Atomic Commit

When a client connects to the server, maybe it’s an ATM and it has to decice if the user can or cannot withdraw some money, it can commit the transaction or abort it. In order for a commit to be valid, there are some properties that have to be followed:

  1. All processes that reach a decision (commit or abort) must reach the same one.
  2. A process cannot change decision after reaching one.
  3. That “commit” decision can be reached only if all processes vote yes (if just one process doesn’t agree the commit cannot be reached) ()
  4. If there are no failures and all processes voted yes, then the decision must be “commit”.

System synchronous and no failures

0-failures.png

This is the simplest case, since all the nodes broadcast their decision to all the other nodes. Since there are no failures, all nodes know all the votes, and so they commit only if all the votes are yes, otherwise they abort.

System synchronous and 1 failure

1-failures.png

Todo

SEE AGAIN THIS PART: How can a single node know that an error has occurred?

System synchronous and failures

n-failures.png

2-Phase Commit

2-Phase commit is an atomic commit protocol.

This protocol contains a coordinator and many participants. The coordinator is chosen before runtime, that’s because choosing a coordinator at runtime is a problem of consensus and so it would be another problem.

The protocol works like this:

  • The coordinator sends a “vote request” message to the participants, in which it asks the vote of a participant, that would be yes or not;
  • When the participant receives the “vote request”, it chooses its vote and:
    • If it’s yes, sends Yes
    • If it’s no, sends No or abort the process
  • When the coordinator receives all the votes from the participants:
    • If all the votes are yes, it sends a “commit” message to the participants;
    • Otherwise, it sends an “abort” message to the participants.
  • When the participant receives the “commit” or “abort” message from the coordinator, they do the action.

Senza titolo-2022-10-11-1322.png

The protocol has to be tolerant to failures. Let’s assume there could be a lost message or a process crash.
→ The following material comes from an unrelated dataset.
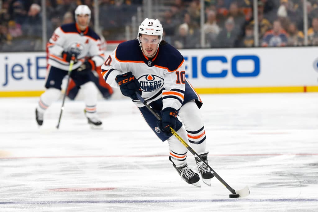 Jan 4, 2020; Boston, Massachusetts, USA; Edmonton Oilers left wing Joakim Nygard (10) during the second period against the Boston Bruins at TD Garden. Mandatory Credit: Winslow Townson-USA TODAY Sports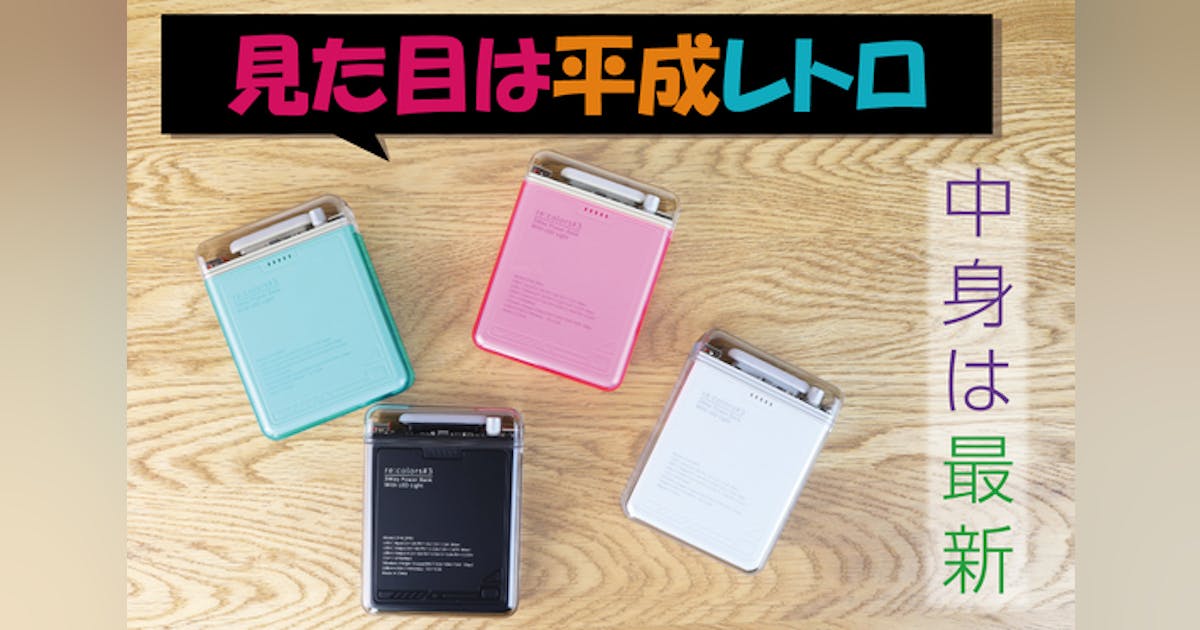 「re:colors」は縦9.00 × 横6.25cm、重さ約207g、容量10,000mAhのモバイルバッテリー。初代iMacをオマージュしたというスケルトンデザインが特徴だ。

Both the coordinator and the participants cannot wait forever for a message, so they embed a timeout after which they do something.

If a partecipant don’t receive a message from the coordinator once the timeout is over, they abort (it’s safe to do so).

If the coordinator doesn’t receive the message of a partecipant once the timeout is over, they send an “abort” message. This solution is safe since it doesn’t go against the properties. (The fourth property assumes there would be no failures).

What if a partecipant doesn’t receive the final “commit” or “abort” message? What should it do? Aborting would not be safe since the message could be “commit” and all the other processes would commit.

If the process has voted “Yes”, the solution is to ask to another process if they’ve committed or aborted and follow their lead. If also the other process it’s waiting the protocol it’s stuck.

If the process has voted “No”, it have already aborted or the message would surely be “abort, so there is no problem.

The probability of being stuck is low but possible, since the problem cannot be solved in any case.

2-Phase Commit Recovery

If a process crashes, it should be able to reboot and recover its state after a certain interval of time in order to complete the transaction anyway. This could be achieved by logging.

The log is local to the process, since we cannot have a global log. This log is called DTLog and it works like this:

  1. When the coordinator C starts the transaction, DTLOG <- start2PC and adds some details like the partecipants list, the id of the transaction and other things.
  2. When a partecipant P votes, there are two cases:
    1. It votes “Yes”, then DTLOG <- yes before sending the vote. It’s important to log before sending the vote because if the process sends the vote and then crashes, it would recover, look at the log, see nothing and then abort. This will not be safe since the message sent is yes and the cordinator may send commit.
    2. When P votes No, then DTLOG <- no either before or after sending the vote. In this case it’s not important to log before because either the process crashes or not it will abort anyway.
  3. When C sends the “commit” or “abort” messgae, there are again two cases:
    1. When C sends commit, then DTLOG <- commit before sending the message. Before because if C crashes, it finds only start2PC and if it sends an abort it would not be safe.
    2. When C sends abort, then DTLOG <- abort before of after sending the message.
  4. When P receives the decision, then it logs it in DTLOG.